A year has passed since I last posted on this blog. A long year, an epic year; sometimes glorious and sometimes tragic. Our nation spins into a historic place in the universe, where anger and anxiety erupt like the burning lava from restless Kilauea.

Photo U.S. Geological Survey
As the nation reels toward some dark unknown, I reinvent my life at home. This July 4th, I won’t go to the barn with apples and carrots once the fireworks start. Larkey isn’t there anymore to become anxious and need my company. He passed away suddenly, catastrophically in May. He not only isn’t there in form — I can’t find him in spirit anymore.

We got in one spring bath this year.
I am reimagining the barn space because I won’t replace my horses. I work too far from my home to acclimate and train a new horse. They are herd animals, so more than one is better. I can’t be sure I’ll be around for the entire life of a couple young horses, and it isn’t easy to find a new home for equines.
But I can’t bear the silence, the vacancy walking through the barn. I am never lonely without people, but this feels alone, and lonely.
So I planted flowers in Larkey’s hay bins, to honor him and to soften the memory of what happened in the outside paddock. When the barn swallows are done nesting in September, I will clean his stall, repaint, and turn the space into an outdoor painting studio for the warm months. Maybe then his spirit will come back and keep me company.
The outside wall has been decaying, and needs reinforcement and new surface. It is a perfect, sunlit surface for a green wall, an herb garden. A coworker helps me find an idea and I start cleaning out the space within.
I will clean the horse trailer and sell it. I will never need one again, and this one has been sitting unused for years, unless you count bird visitors. The proceeds can go toward a camper van, maybe.

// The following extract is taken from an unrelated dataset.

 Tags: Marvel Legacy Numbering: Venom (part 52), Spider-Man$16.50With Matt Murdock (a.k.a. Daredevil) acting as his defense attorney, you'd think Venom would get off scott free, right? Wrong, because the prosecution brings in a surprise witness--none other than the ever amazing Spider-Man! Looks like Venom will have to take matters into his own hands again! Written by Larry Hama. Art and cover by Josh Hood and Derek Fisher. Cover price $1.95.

I believe this is a Pacific slope flycatcher nest. Last year, a Bewick’s wren nested here.
After decades with horses woven tightly in the fabric of my life, I am wandering adrift in the starlit dark searching for a new universe to occupy.

This is what I was doing instead of blogging- thousands of hours of work storytelling. This ESRI Story Map is best viewed desktop with Chrome or Safari.
The neglect of this blog did not mean I fell silent. I had trailed the story of the North American buffalo across thousands of miles and hundreds of hours of research. I labored to create this story in a multimedia online platform- something different, maybe something that would attract a younger audience. Maybe they would care and step up to support prairie and bison conservation. I spent hours every night on this project, missing time with Larkey, missing time to exercise. It published in January and was better received than I expected. The project gained a life of its own, with a blog and social media channels that needed tending.

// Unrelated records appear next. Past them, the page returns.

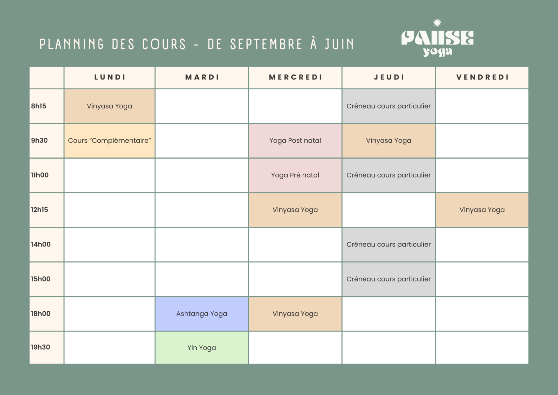 PLANNING DES COURS
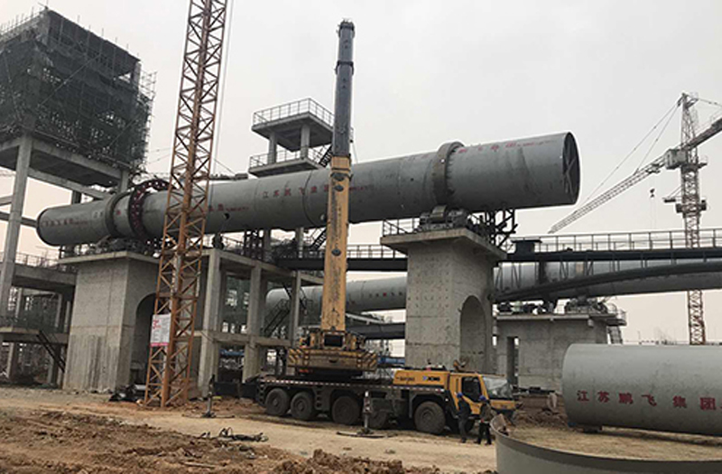 轉(zhuǎn)化焙燒:鋰輝石精礦從精礦庫人工送至斗式提升機(jī)提升至精礦倉,再經(jīng)圓盤給料機(jī)和螺旋給料機(jī)加入碳酸鋰回轉(zhuǎn)窯窯尾,利用窯尾預(yù)熱段高溫氣體干燥精礦,精礦在煅燒段約1200℃左右的溫度下進(jìn)行晶型轉(zhuǎn)化焙燒,由α型(單斜晶系,密度3150kg/m3)轉(zhuǎn)化為β型鋰輝石(四方晶系,密度2400kg/m3,即焙料),轉(zhuǎn)化率約98%。
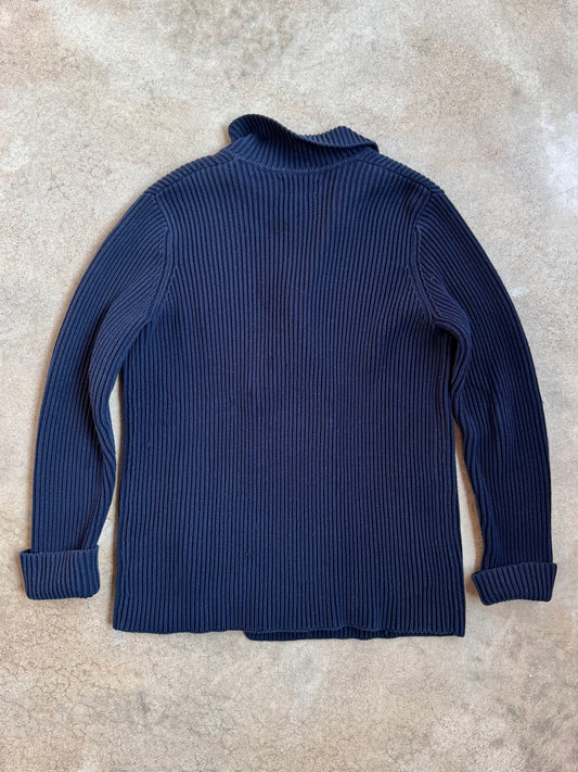 Vintage 1990s Lauren Ralph Lauren Navy 100% Cotton Knit Nautical Cardigan | Medium
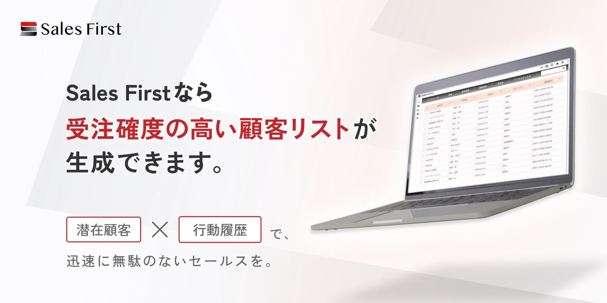 【法人営業の皆さまに朗報】顧客の行動履歴×AIで「売れる顧客リスト」を生成することに成功、商談・受注率を劇的に上げる営業DXソリューション「Sales First」を提供開始
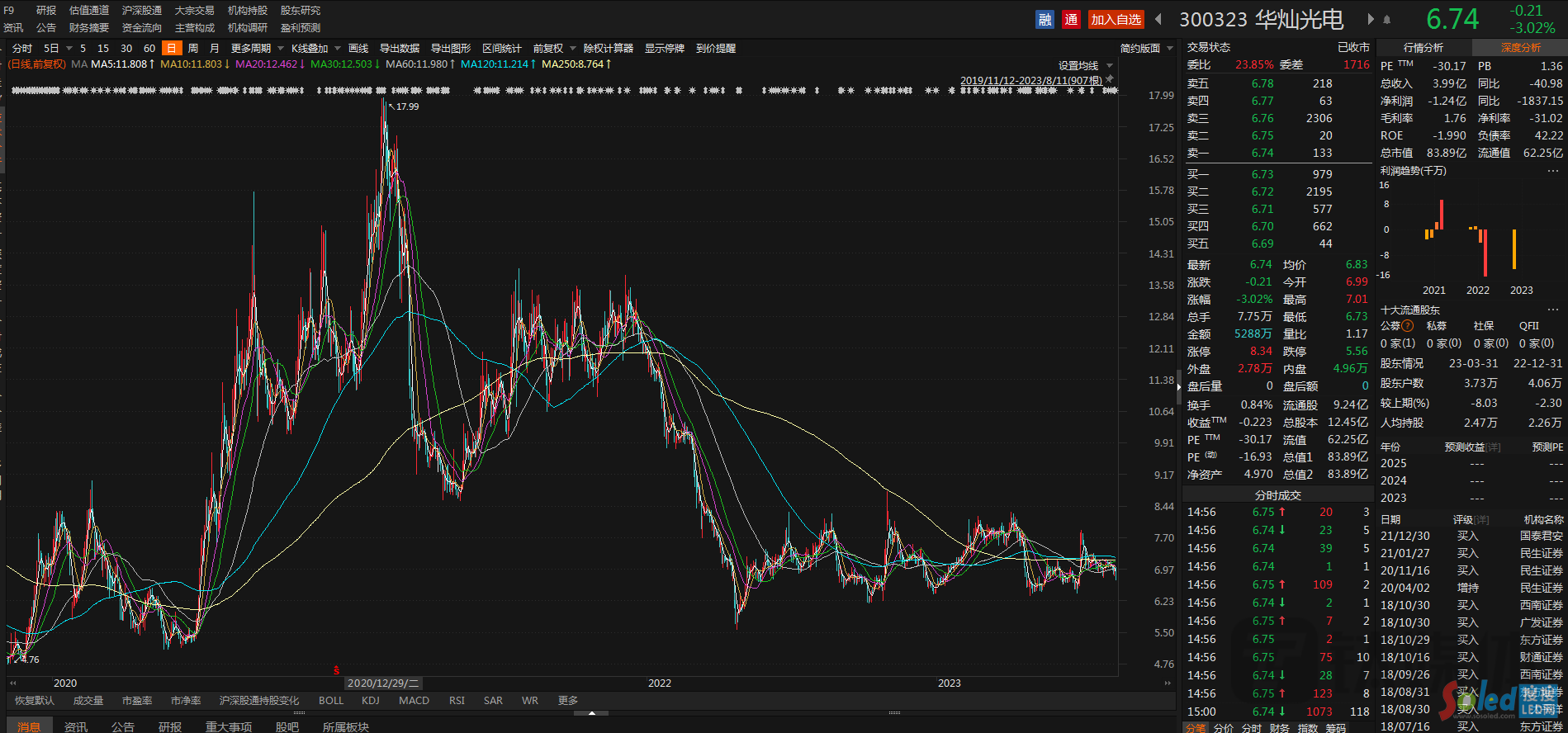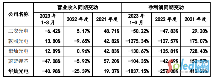 雖然公司還沒發(fā)布2023年中報,但是從同行三安光電的半年預報來看,其扣非凈利潤出現(xiàn)虧損。對此,三安光電表示,由于LED芯片售價下降、稼動率不足導致成本上升、存貨計提跌價損失,導致虧損。由此來看,公司的中報業(yè)績或難樂觀。
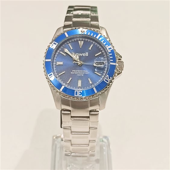 SPORTIVO OROLOGIO IN ACCIAIO, SFERE ORA, MINUTI E SECONDI CON GHIERA GIREVOLE BLU , QUADRANTE BLU E INDICI FLUORESCENTI.
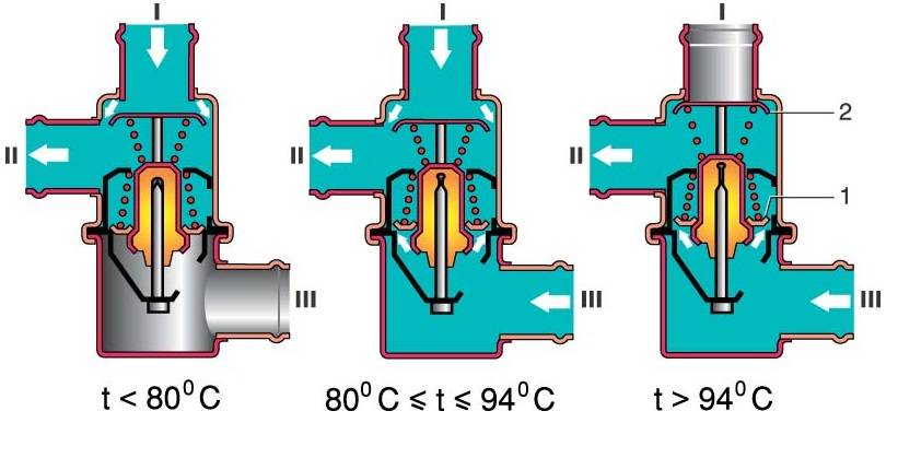Данный клапан автоматически открывается в момент, когда машина начинает перегреваться, и закрывается, если двигатель начинает быстро остывать.
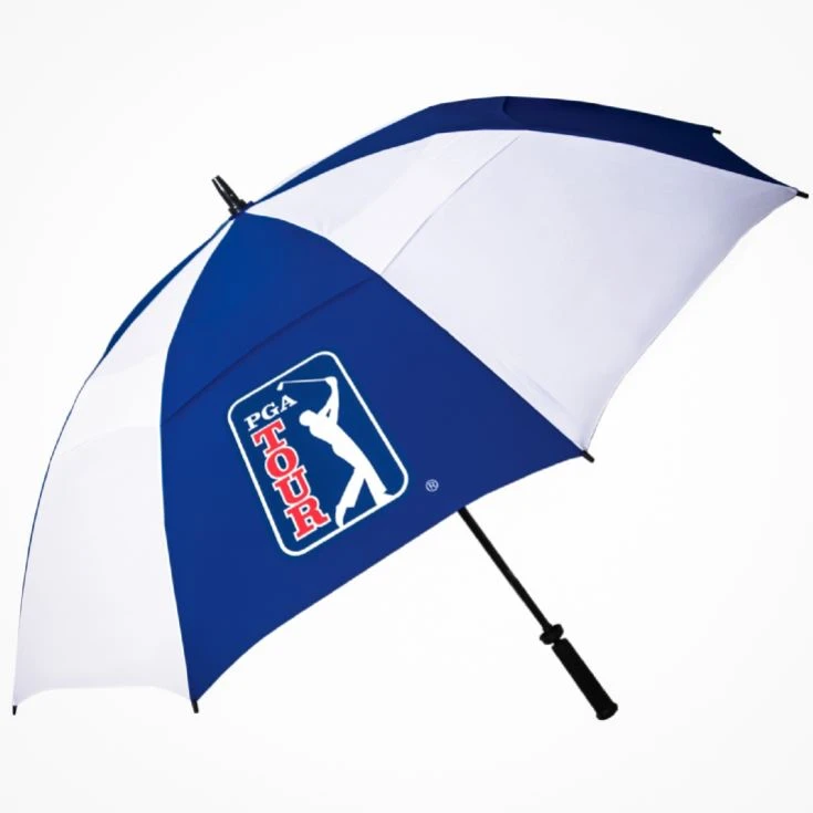 Standing at 62”/158cm it fits perfectly into any standard golf bag. This accommodating umbrella’s stylish blue & white design comes with official PGA Tour branding. Designed to be sturdy enough even in the strongest of winds and harsh weather.
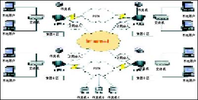 3.系統(tǒng)內用戶發(fā)送傳真說明:集團A區(qū)的用戶如果發(fā)送本地傳真,則在集團A區(qū)的e-FAX網(wǎng)絡傳真機收到任務請求后,通過本地的PSTN網(wǎng)絡發(fā)送傳真,傳真發(fā)送成功后,系統(tǒng)自動給發(fā)送人一份傳真通報,發(fā)送完成;集團A區(qū)的用戶如果發(fā)送外地傳真,例如發(fā)送到集團D區(qū),集團A區(qū)的e-FAX網(wǎng)絡傳真機會自動根據(jù)收到的任務請求信息進行判斷,根據(jù)判斷的信息,將發(fā)送傳真請求和相應的傳真文件通過Internet路由到集團D區(qū)的e-FAX網(wǎng)絡傳真機,集團D區(qū)的網(wǎng)絡傳真機收到訊息后,會自動通過本地的PSTN發(fā)送傳真任務,發(fā)送結果會自動通報到集團A區(qū)的發(fā)送人,發(fā)送完成。同理,在集團的其他區(qū)域內的發(fā)送傳真請求都會自動路由,判斷發(fā)送方式,從而完成發(fā)送任務。

The badlands of Grasslands National Park in Saskatchewan were as far away and unpeopled as I could find.
With Lark gone, I took to the road to process my new life. I had already gone to Nebraska for the sandhill crane festival, then France for a conference and vacation. But I needed away again, so I traveled to Montana and Saskatchewan. I drove, and wandered grasslands, and slowly the nightmares and sleepwalking ended.

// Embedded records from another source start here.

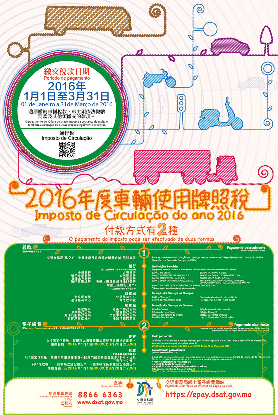 Ao abrigo do Regulamento do Imposto de Circulação, a DSAT cobra o imposto de circulação de automóveis, motociclos/ciclomotores e máquinas industriais do ano de 2016 entre 1 de Janeiro e 31 de Março de 2016. Para efectuar o pagamento, os cidadãos podem dirigir-se à Área de atendimento da DSAT (sitas, respectivamente, na Estrada de D. Maria II, n.º 33, rés-do-chão, na Avenida da Praia Grande, Edifício China Plaza, 3.º andar, e na Rua Nova da Areia Preta, n.º 52, Centro de Serviços da RAEM, 1.º andar, Zona I), Direcção dos Serviços de Finanças (Edifício “Finanças”, Centro de Atendimento da Zona Norte, Centro de Atendimento Taipa e Recebedorias da DSF - “Long Cheng”), instituições bancárias indicadas: incluindo Banco da China (33 sucursais), Banco Tai Fung, S.A.R.L (25 sucursais), Banco Comercial de Macau, S.A. (14 sucursais), Banco Nacional Ultramarino, S.A. (17 sucursais, salvo a sede), Banco OCBC Weng Hang, S.A. (13 sucursais), Banco Delta Ásia, S.A.R.L. (8 sucursais), Banco Luso Internacional, S.A.R.L. (5 sucursais), The Hong Kong and Shanghai Banking Corporation Limited, Sucursal de Macau (sede), Banco Industrial e Comercial da China (MACAU), S.A. (18 sucursais) e Direcção dos Serviços de Correios (Estação Central, Estação da Almirante Lacerda, Estação da Nova Tapa, Estação Mong Há, Estação dos Jardins do Oceano, Estação do Centro Cultural, Estação do Seac Pai Van e Loja do Museu das Comunicações).
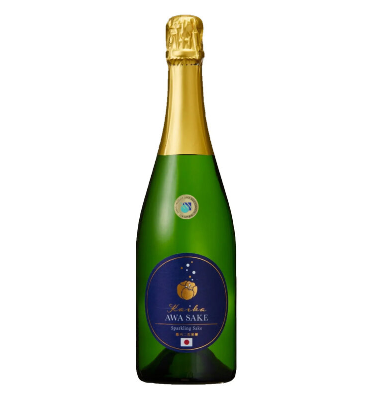 Kaika Awa Junmai Ginjo Sparkling Sake has a refreshing fruity aroma of white peach, pear, muscat, and grapefruit. This sparkling sake with natural carbonation is obtained after secondary fermentation in the bottle, elegantly harmonized with citrusy notes and creamy and delicate bubbles. Mild and light, with an excellent balance of moderate sweetness, refreshing acidity, and a clean aftertaste.
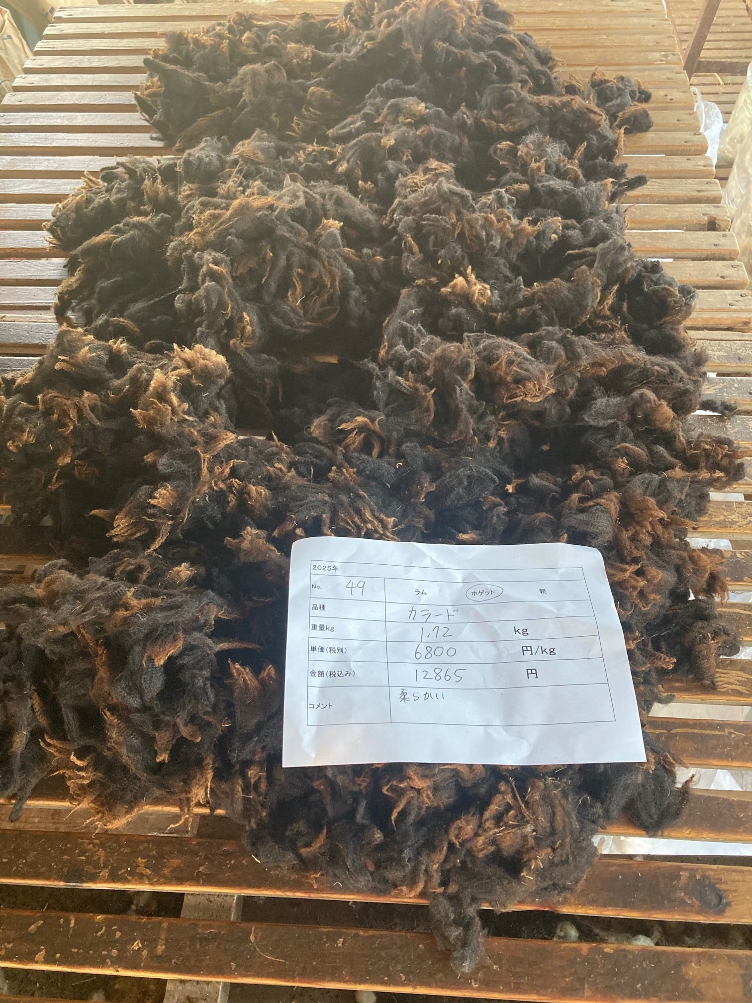 フリースとは羊1頭分の毛刈りした羊毛です。 今回ご紹介するのはカラード(色付き)の羊毛です。 ーーーーーーーー 1.72kg、柔らかいフリースです
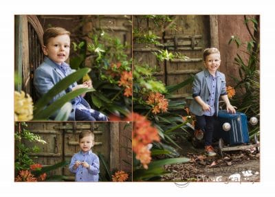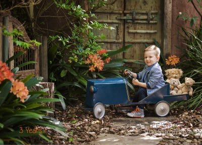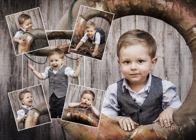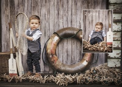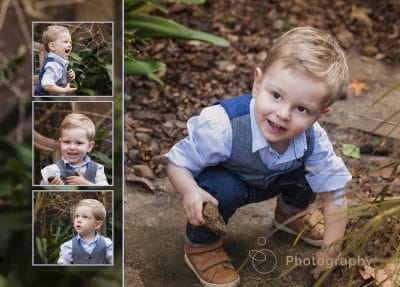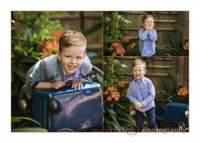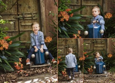 Georgie has grown into a high energy, inquisitive child who just loves to learn. So when planning his session we decided to incorporate a few props that would take his interest and that also suited the style of clothing and location (our outdoor studio) his mum had chosen for this photo shoot.

I am very blessed to have a home of my own. Sure, it’s a lot of work, but it is a quiet place –and my own place.
Now I am home again, digging myself out from an explosion of greenery, and figuring out what is next. The barn swallows are back from South America. Rufous hummingbirds have arrived from Mexico and joined our resident Annas hummers. Red admiral and swallowtail butterflies appear on warm sunny days, dancing on the breeze.
I count my blessings. I am lucky to have been tested young and learned how to adapt. I am resilient, and have the ability and resources to recreate. As the world gets darker and narrower, many find themselves trapped. I am not, at least right now. The terrible memory of Larkey’s death still sneaks up on me, but I am not an anguished parent adrift in a strange country with no idea where my children reside. I am not now in a war zone, wondering when the bombs will detonate.
And I have things to do. More stories to tell, artwork to create, images to capture. I need to get back into shape to backpack in the fall. I don’t know what the next year will hold for me, for the nation, for the world. But today and every day I can find something bright, and count myself fortunate for the time being.